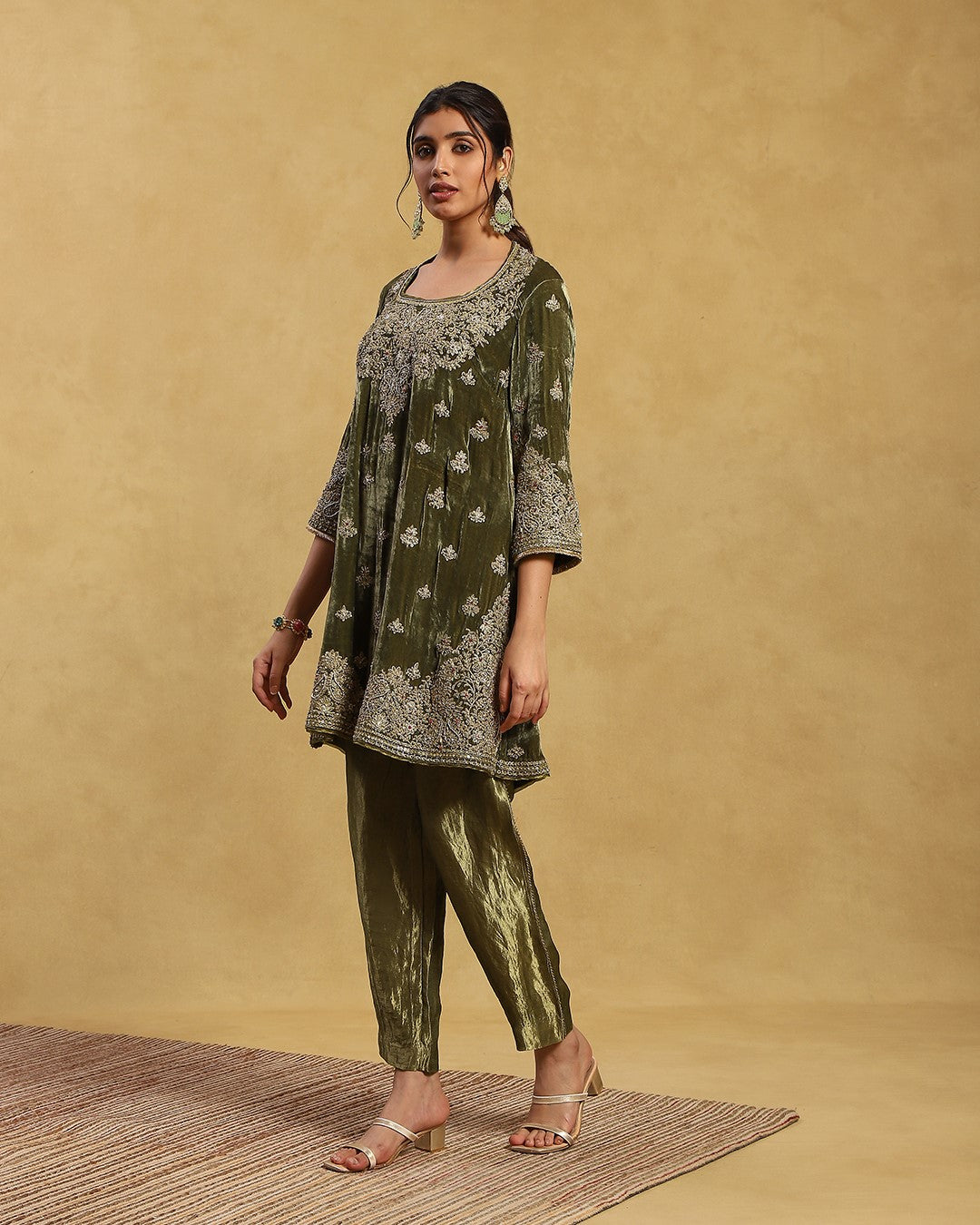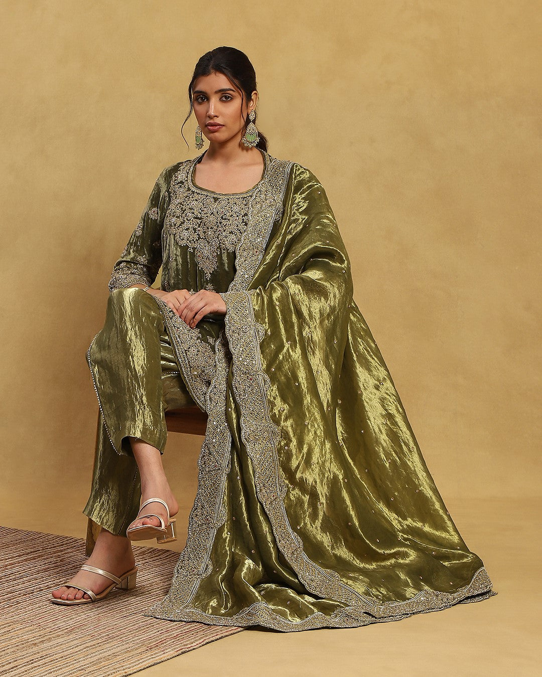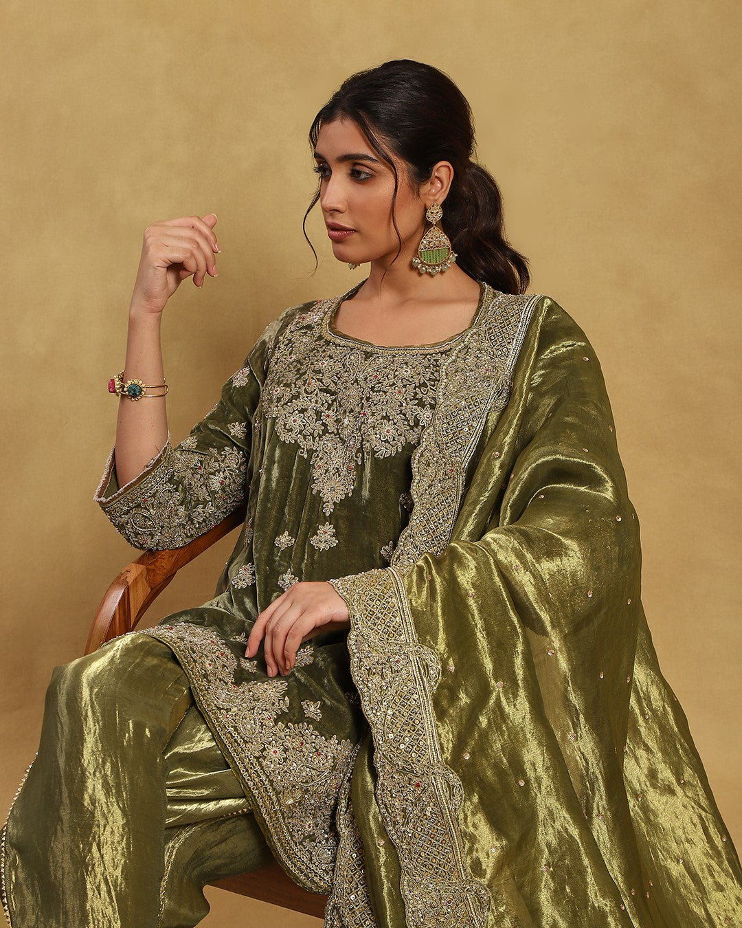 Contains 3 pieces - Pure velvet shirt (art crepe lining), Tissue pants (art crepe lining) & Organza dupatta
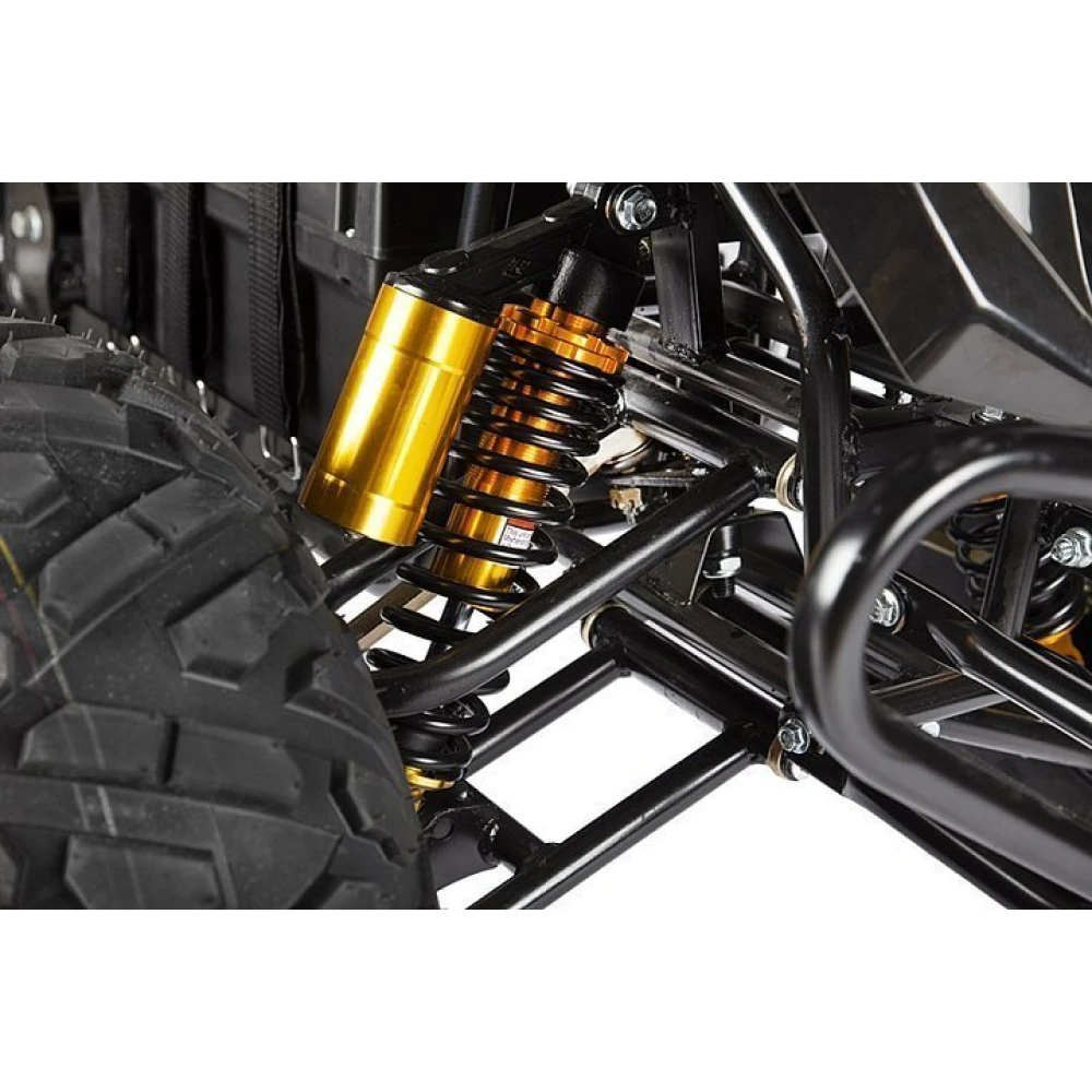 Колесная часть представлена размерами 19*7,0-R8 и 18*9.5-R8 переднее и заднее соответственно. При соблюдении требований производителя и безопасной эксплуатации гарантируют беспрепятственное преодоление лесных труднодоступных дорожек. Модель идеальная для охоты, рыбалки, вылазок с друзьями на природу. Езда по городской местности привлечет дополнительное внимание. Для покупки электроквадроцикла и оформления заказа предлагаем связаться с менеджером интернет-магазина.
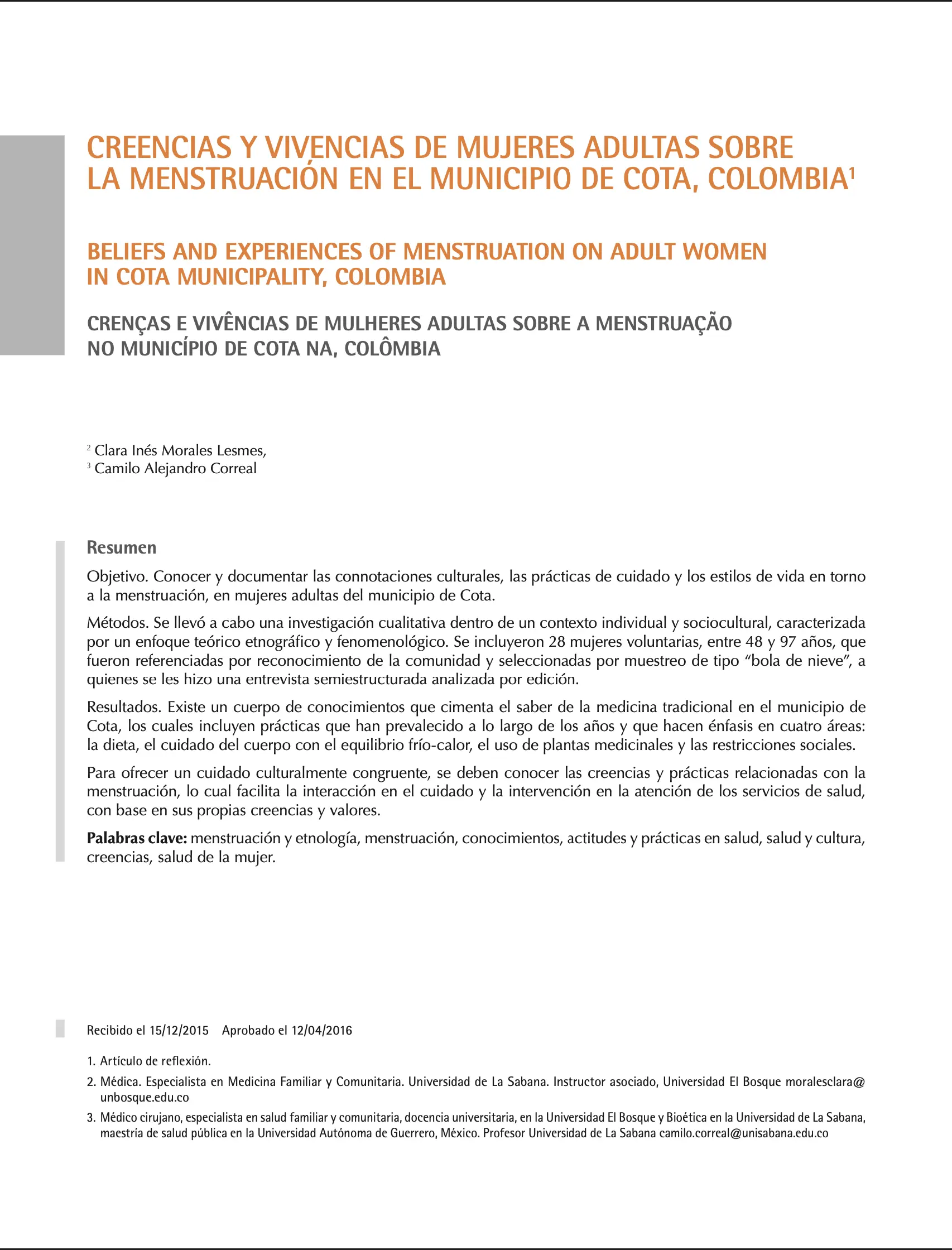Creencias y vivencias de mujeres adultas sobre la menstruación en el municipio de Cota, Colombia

* * *

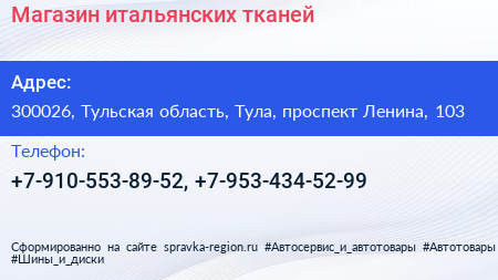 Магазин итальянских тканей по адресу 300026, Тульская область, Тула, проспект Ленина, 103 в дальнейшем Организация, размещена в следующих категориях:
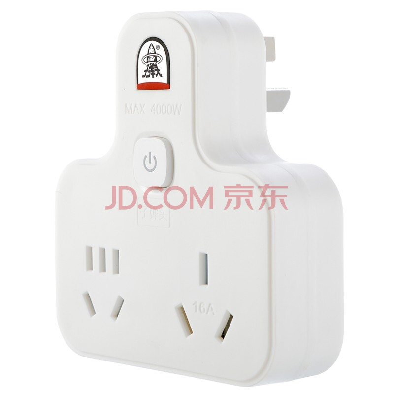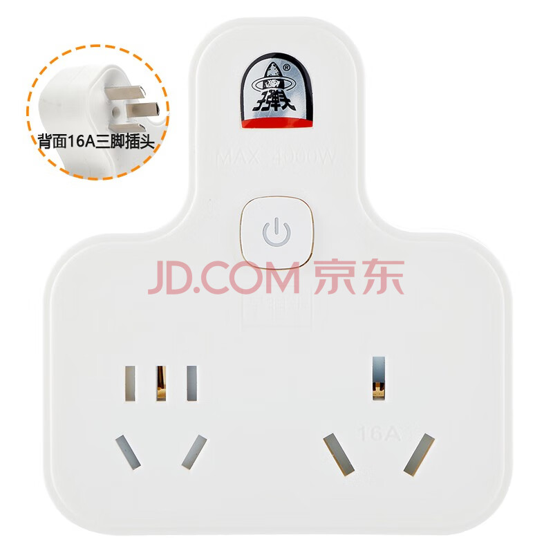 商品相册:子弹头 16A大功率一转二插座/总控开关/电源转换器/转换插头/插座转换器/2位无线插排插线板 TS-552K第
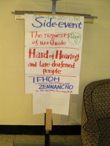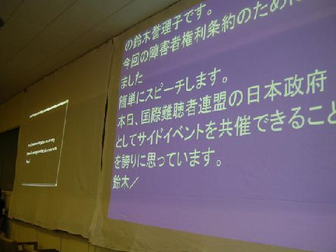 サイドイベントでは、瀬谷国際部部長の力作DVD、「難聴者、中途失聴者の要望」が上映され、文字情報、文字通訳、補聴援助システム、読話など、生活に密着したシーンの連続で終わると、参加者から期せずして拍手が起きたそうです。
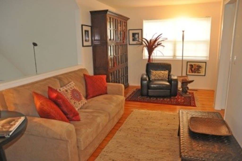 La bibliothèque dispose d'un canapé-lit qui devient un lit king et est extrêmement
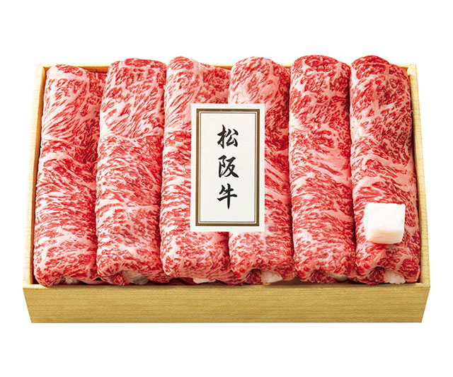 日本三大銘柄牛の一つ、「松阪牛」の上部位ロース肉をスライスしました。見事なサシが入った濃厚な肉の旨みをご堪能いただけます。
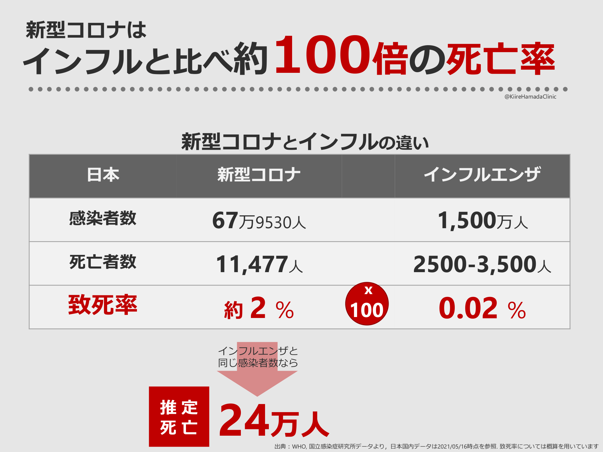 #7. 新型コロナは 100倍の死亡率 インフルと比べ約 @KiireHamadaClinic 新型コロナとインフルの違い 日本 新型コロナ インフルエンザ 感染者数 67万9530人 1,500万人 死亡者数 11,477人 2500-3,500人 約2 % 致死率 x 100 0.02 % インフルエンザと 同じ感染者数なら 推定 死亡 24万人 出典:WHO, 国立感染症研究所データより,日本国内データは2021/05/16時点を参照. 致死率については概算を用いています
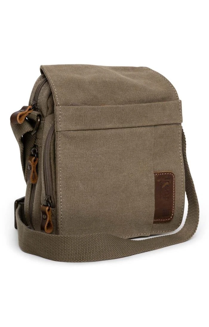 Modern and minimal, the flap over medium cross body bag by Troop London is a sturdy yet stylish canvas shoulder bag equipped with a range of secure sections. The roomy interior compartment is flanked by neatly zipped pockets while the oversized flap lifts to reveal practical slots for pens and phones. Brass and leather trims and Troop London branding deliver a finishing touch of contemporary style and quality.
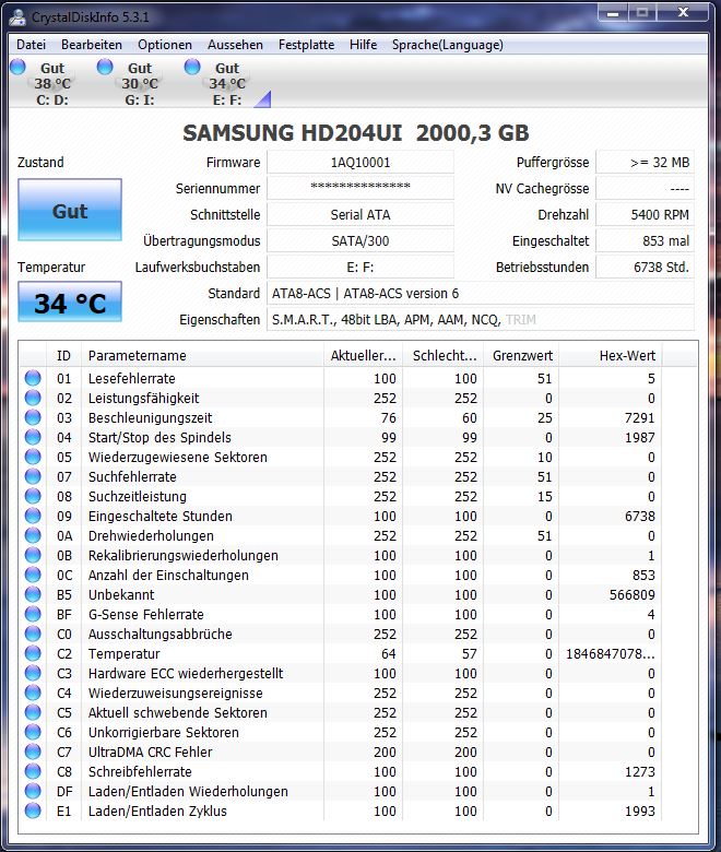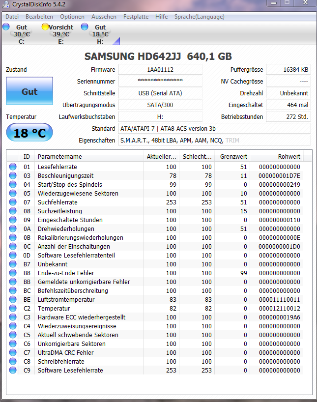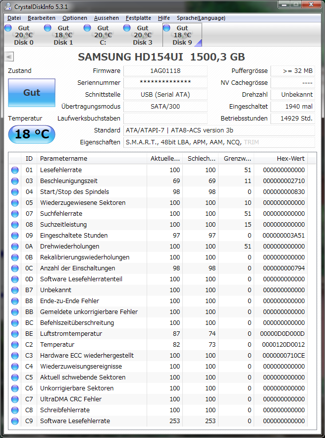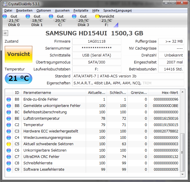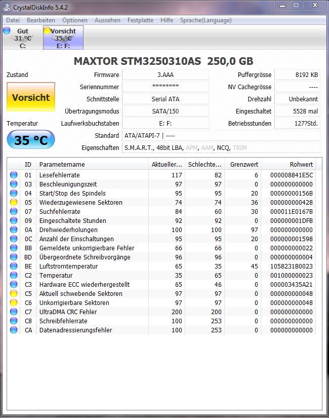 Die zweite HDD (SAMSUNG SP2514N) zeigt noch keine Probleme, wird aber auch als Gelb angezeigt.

# Task description
Look above for the line holding "日本三大銘柄牛の一つ、「松阪" and output everything from it down to the line holding "Die zweite HDD", both ends included, exactly and without images.

# Task result
 日本三大銘柄牛の一つ、「松阪牛」の上部位ロース肉をスライスしました。見事なサシが入った濃厚な肉の旨みをご堪能いただけます。
 #7. 新型コロナは 100倍の死亡率 インフルと比べ約 @KiireHamadaClinic 新型コロナとインフルの違い 日本 新型コロナ インフルエンザ 感染者数 67万9530人 1,500万人 死亡者数 11,477人 2500-3,500人 約2 % 致死率 x 100 0.02 % インフルエンザと 同じ感染者数なら 推定 死亡 24万人 出典:WHO, 国立感染症研究所データより,日本国内データは2021/05/16時点を参照. 致死率については概算を用いています
 Modern and minimal, the flap over medium cross body bag by Troop London is a sturdy yet stylish canvas shoulder bag equipped with a range of secure sections. The roomy interior compartment is flanked by neatly zipped pockets while the oversized flap lifts to reveal practical slots for pens and phones. Brass and leather trims and Troop London branding deliver a finishing touch of contemporary style and quality.
 Die zweite HDD (SAMSUNG SP2514N) zeigt noch keine Probleme, wird aber auch als Gelb angezeigt.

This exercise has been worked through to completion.